|By Josh Mazgelis||
|December 12, 2013 09:30 AM EST||
Many people have turned to virtualization for, among other reasons, the increased ease of disaster recovery. Because virtual machines are no more than files on a disk connected to standardized hypervisor hardware, those virtual machines can be shared, copied, moved, and recovered almost anywhere. Whether you’re looking at clustered hypervisors with VMware HA/FT, remote datacenters with VMware SRM, or the plenitude of cloud IaaS companies willing to spin up your backups in the event of a failure, all of these solutions provide what I refer to as “hardware availability”
If there’s a problem with a physical server running the hypervisor, machines can be restarted on an adjacent machine. If there’s a bigger issue like a power outage or a site failure, machines can be restarted in another datacenter or in the cloud. No matter what the hardware problem is, the machine itself can just be run somewhere else.

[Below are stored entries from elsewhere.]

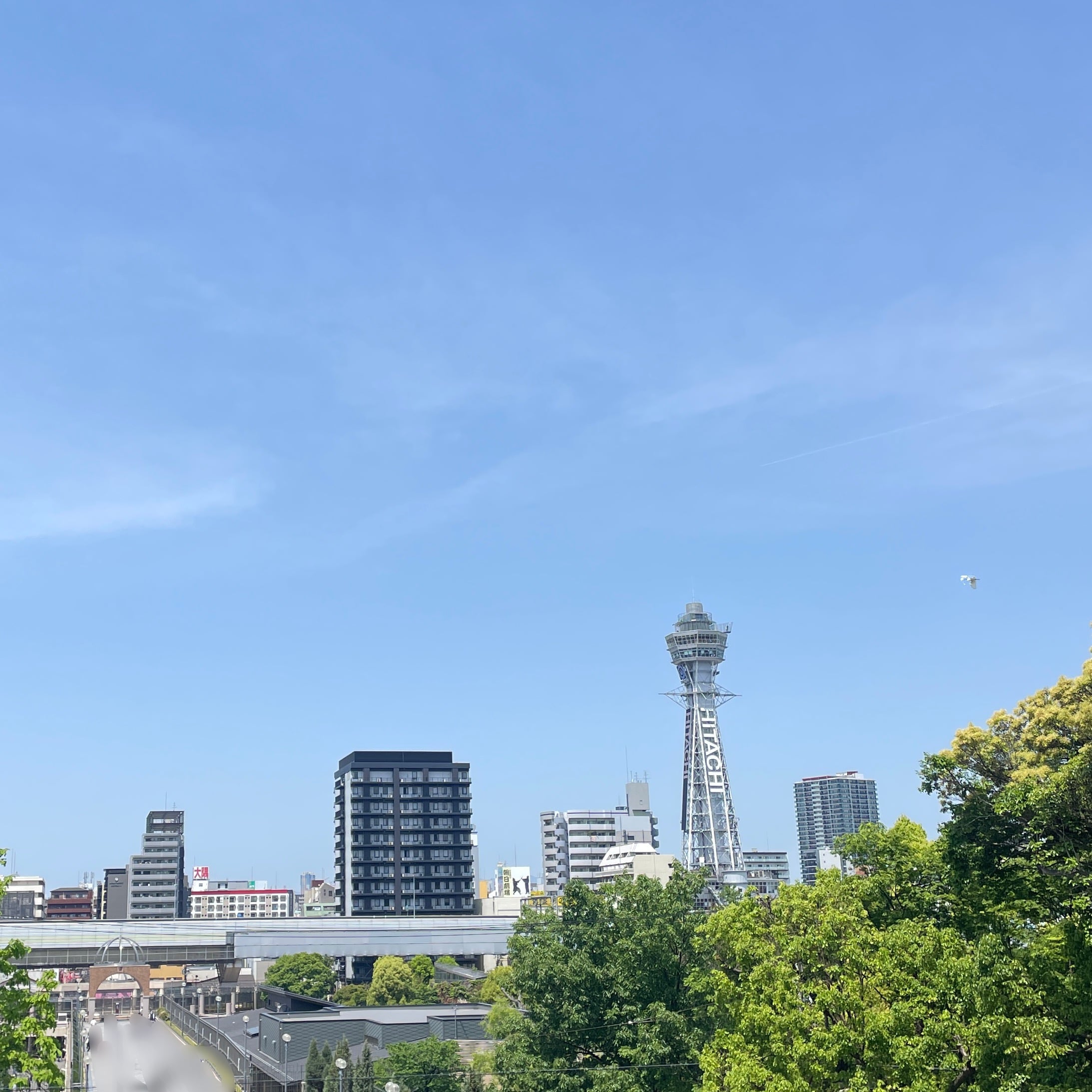 正面入り口前で振り返ると、大阪のシンボルの1つ、通天閣が見えたのも嬉しくなりました!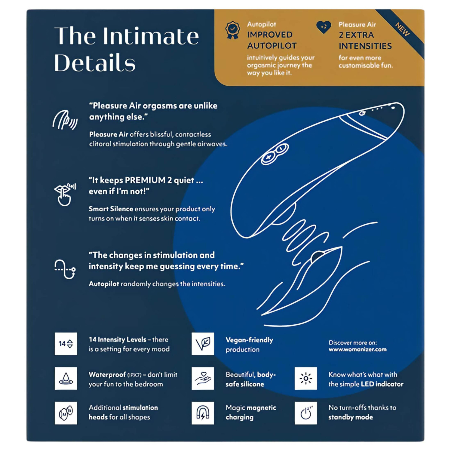 Womanizer Premium 2 е луксозен стимулатор за клитор, изработен със най-съвременна технология, който революционизира интимното изживяване. Безконтактната въздушна стимулация е достъпна на 14 нива на интензивност, докато интелигентната функция Smart Silence осигурява дискретна работа. Autopilot Mode случайно променя интензитета, така че всяко използване е уникално и незабравимо преживяване.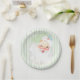 Diese pastellfarbenen Minze Vintage Frühlinggrün Winking Weihnachten Einwegpapier Party Dinner und Mittag / Salat Teller mit einer antiken Santa Claus Grafik, die neu gefärbt und neu erfunden wurde. Der Hintergrund ist ein monochromatisches tri-ton vertikales Stripmuster, ideal für jede niedliche Retro-Ansammlung.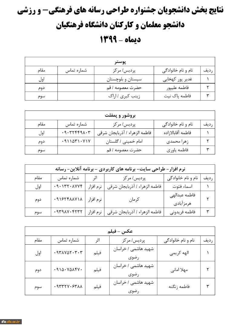 کسب مقام های نخست در جشنواره طراحی رسانه ای فرهنگی- ورزشی دانشجو معلمان دانشگاه فرهنگیان 3
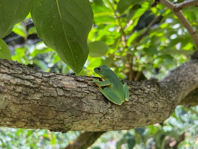 夏真っ盛りなこの時期柿の摘果をしていたら柿の木の木陰にカエルが🐸
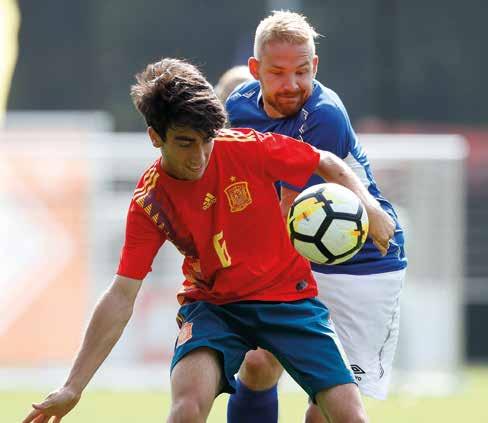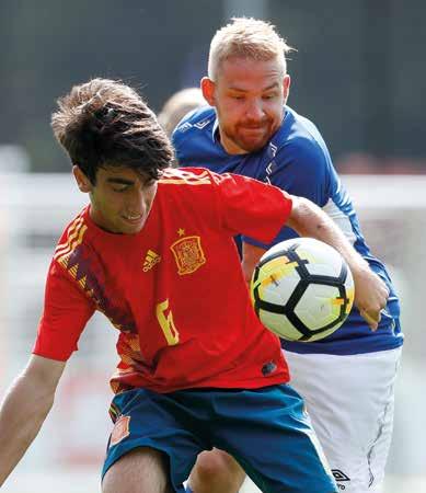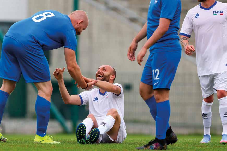 Mikael Jukarainen tunnetaan kansainvälisillä CP-jalkapallokentillä erinomaisesta urheiluhengestään. Huumori ja toisten auttaminen ulottuu myös vastustajiin pelin ollessa tauolla. Kuva: Mira Lönnqvist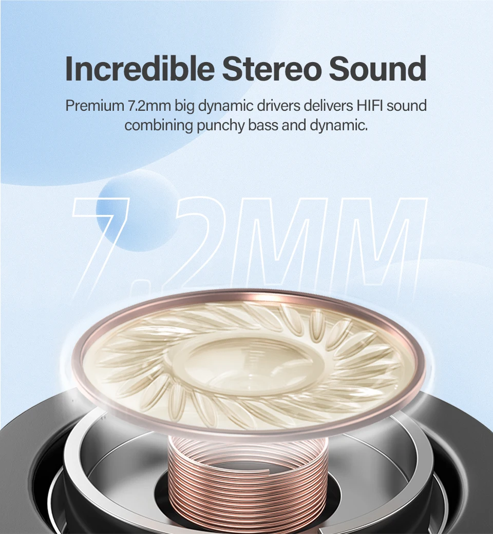 7.2mm driver delivers HIFI sound combining punchy bass and dynamic, transient analytic force.

But what happens if the virtual machine, the operating system running in it, or even the application itself, is the point of the failure? Copying that virtual machine file to another hypervisor isn’t going to solve the problem. The copy of the VM is going to have the same issue as the original no matter where it is run from. When this happens, you now need to choose between rolling back to an earlier copy prior to the failure or accepting the downtime that it takes to resolve the issue at hand. For business-critical applications, neither of these is a desirable option.
While hardware availability is a great boon for IT continuity planners, those same people need to recognize that one size does not fit all. If a given business service absolutely positively needs to stay online, it’s important to look for ways to build in resilience to failures and provide more application availability.